Exercise description:
Transcribe the data underneath exactly. No images belong in your version.

Source material:

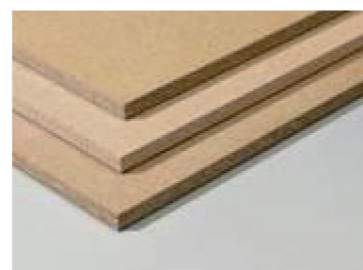
Planche d'aggloméré (19mm épaisseur)
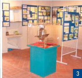
1. Les vestiges du théâtre / 2. Au premier plan, le mur de podium / 3. Salle d'exposition près du théâtre antique
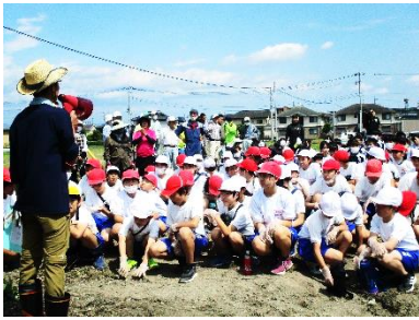
種のまき方の説明を聞いてから ↓↓↓ 小・中学生に分かれて作業開始!
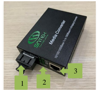
Media Converter SNTEK-Series 10/100/1000M Media Converter

* Các thông số kỹ thuật của sản phẩm có thể thay đổi mà không cần báo trước

Final answer:
Planche d'aggloméré (19mm épaisseur)
1. Les vestiges du théâtre / 2. Au premier plan, le mur de podium / 3. Salle d'exposition près du théâtre antique
種のまき方の説明を聞いてから ↓↓↓ 小・中学生に分かれて作業開始!
Media Converter SNTEK-Series 10/100/1000M Media Converter

* Các thông số kỹ thuật của sản phẩm có thể thay đổi mà không cần báo trước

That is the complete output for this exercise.